- **What is being asked**
Nothing in the entries may change when you repeat them, and no images may appear.
===== Dataset entries
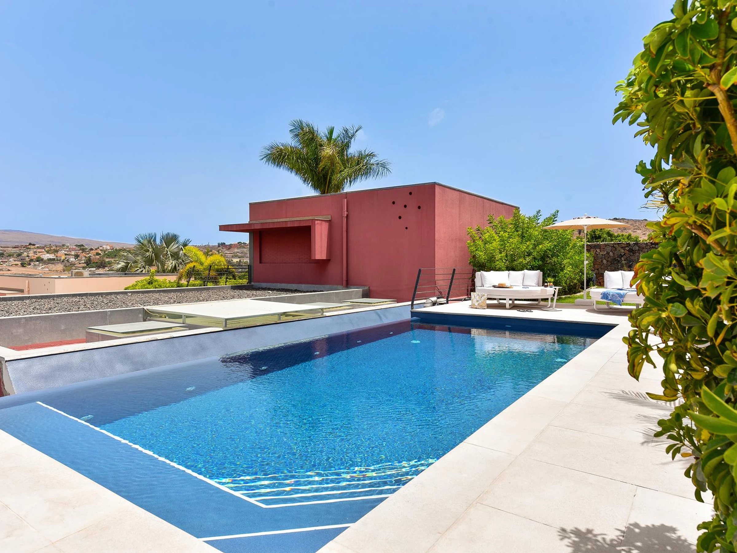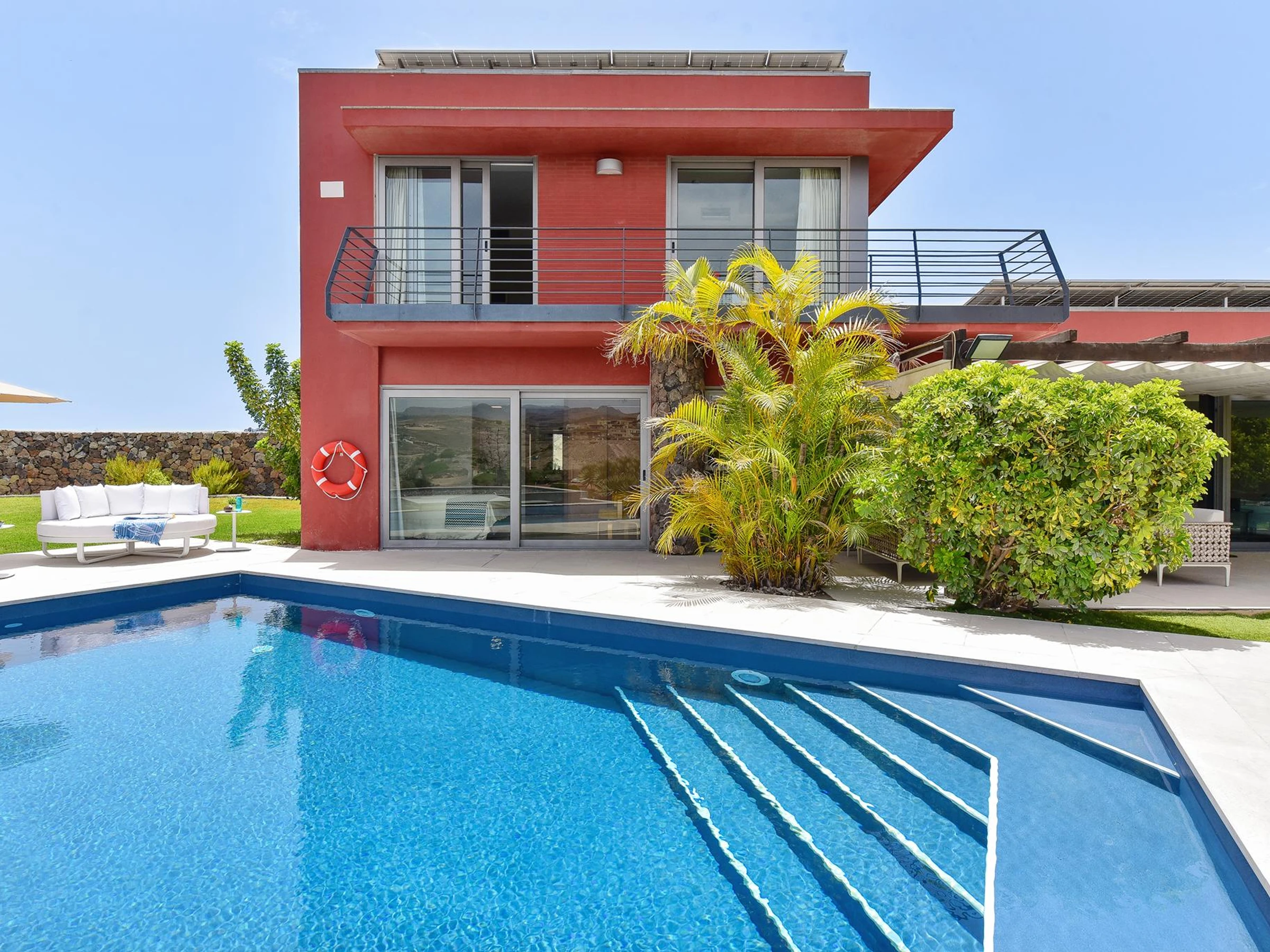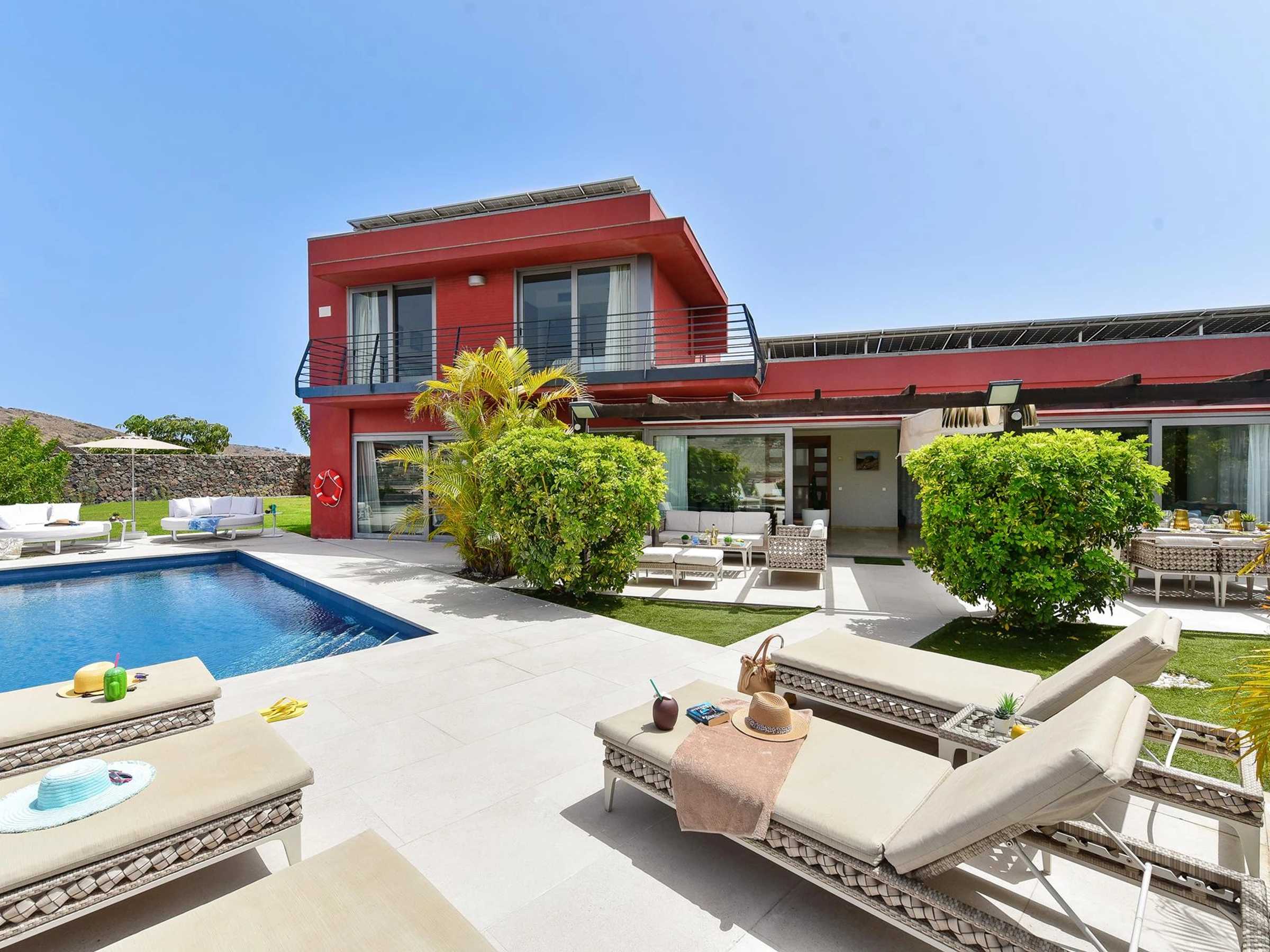 Toda la villa está equipada y decorada al detalle con materiales de primerísima calidad. En el exterior destaca su gran piscina climatizable (servicio de climatización de piscina no incluido en el precio) y la preciosa terraza cubierta con jardín, que alberga la amplia y relajante sala de estar al aire libre. Es un lugar de ensueño para disfrutar como nunca de la tranquilidad y el descanso.
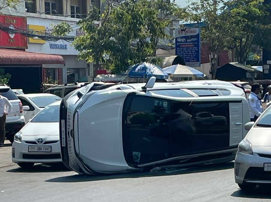 រាជធានីភ្នំពេញ ៖ រថយន្តម៉ាក Toyota Corolla Cross មួយគ្រឿងបានបើកជ្រុលចង្កូតទៅបុករថយន្តម៉ាក prius កំពុងឈប់បណ្ដាលឲ្យក្រឡាប់ខ្លួនឯងហើយរថយន្តទាំងពីរគ្រឿងបានរងការខូចខាត។
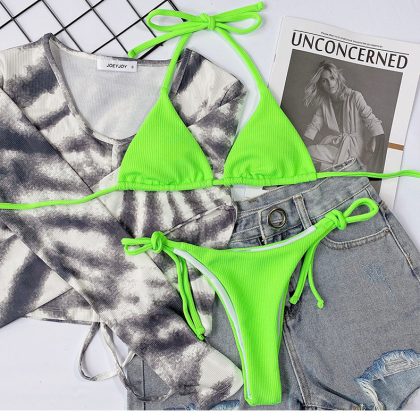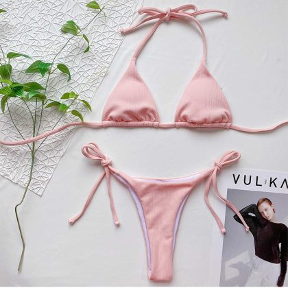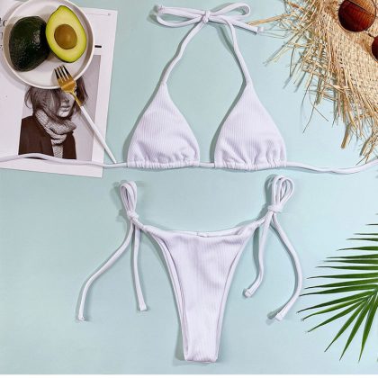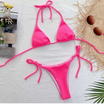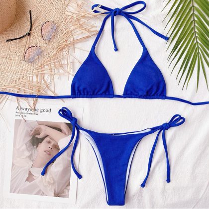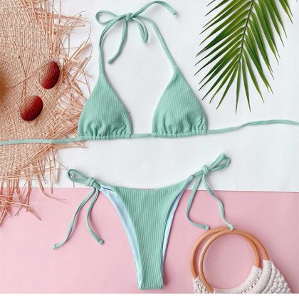 | nameOriginal | 2024 Europe and the United States cross-border new ladies split fashion bikini solid color special fabric Amazon in stock swimsuit |
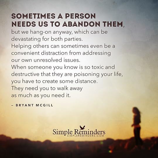 "Sometimes a person needs us to abandon them, but we hang-on anyway, which can be devastating for both parties. Helping others can sometimes even be a convenient distraction from addressing our own unresolved issues. When someone you know is so toxic and destructive that they are poisoning your life, you have to create some distance. They need you to walk away as much as you need it."
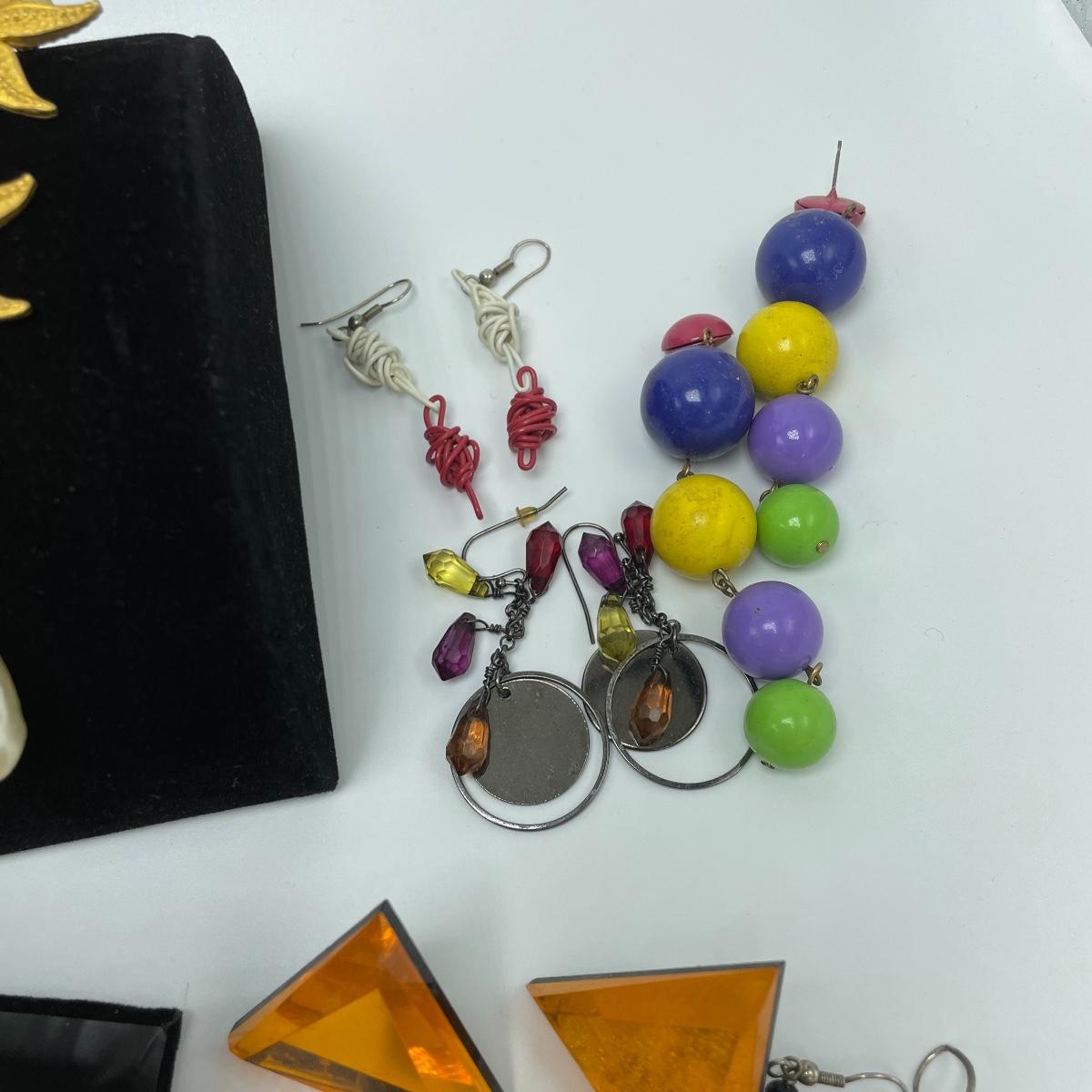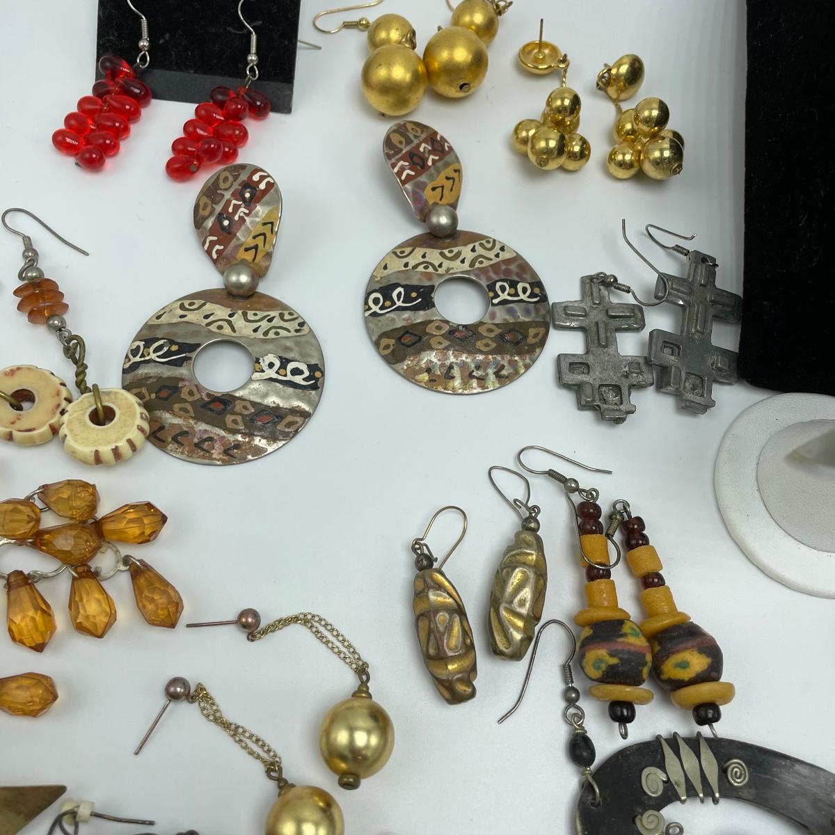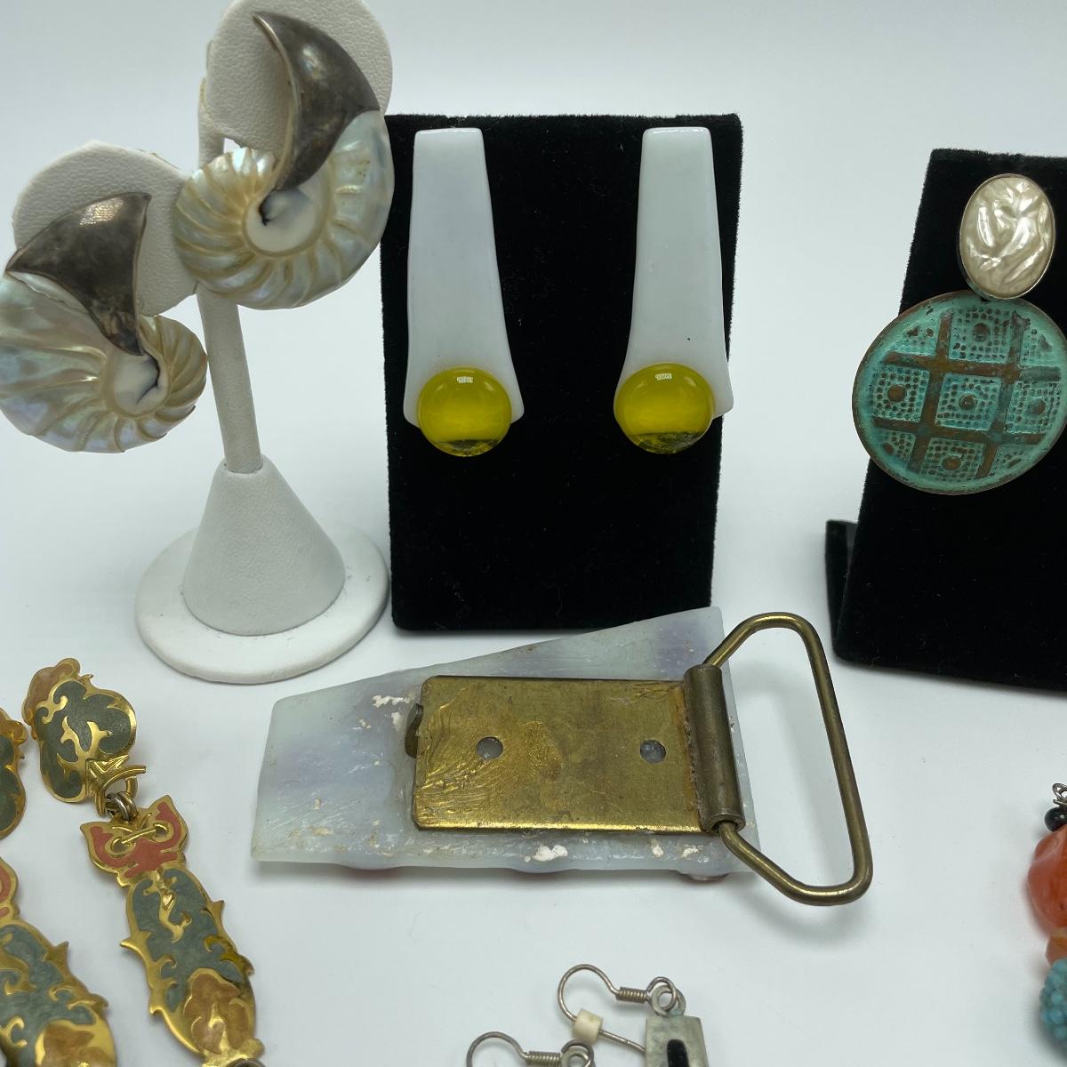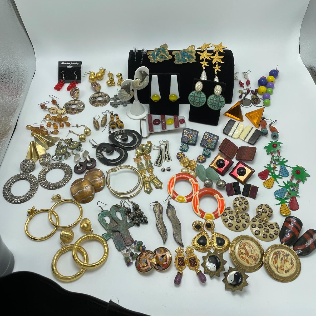 Get your bold on here! Lot features several pairs of bright and chic earrings for pierced ears. An awesome glass set includes a matching belt buckle. Earrings are made from ceramic, metals, shells, cloth and more! See images and happy bidding! Shipping available.
==========
- **Exercise response**
 Toda la villa está equipada y decorada al detalle con materiales de primerísima calidad. En el exterior destaca su gran piscina climatizable (servicio de climatización de piscina no incluido en el precio) y la preciosa terraza cubierta con jardín, que alberga la amplia y relajante sala de estar al aire libre. Es un lugar de ensueño para disfrutar como nunca de la tranquilidad y el descanso.
 រាជធានីភ្នំពេញ ៖ រថយន្តម៉ាក Toyota Corolla Cross មួយគ្រឿងបានបើកជ្រុលចង្កូតទៅបុករថយន្តម៉ាក prius កំពុងឈប់បណ្ដាលឲ្យក្រឡាប់ខ្លួនឯងហើយរថយន្តទាំងពីរគ្រឿងបានរងការខូចខាត។
 | nameOriginal | 2024 Europe and the United States cross-border new ladies split fashion bikini solid color special fabric Amazon in stock swimsuit |
 "Sometimes a person needs us to abandon them, but we hang-on anyway, which can be devastating for both parties. Helping others can sometimes even be a convenient distraction from addressing our own unresolved issues. When someone you know is so toxic and destructive that they are poisoning your life, you have to create some distance. They need you to walk away as much as you need it."
 Get your bold on here! Lot features several pairs of bright and chic earrings for pierced ears. An awesome glass set includes a matching belt buckle. Earrings are made from ceramic, metals, shells, cloth and more! See images and happy bidding! Shipping available.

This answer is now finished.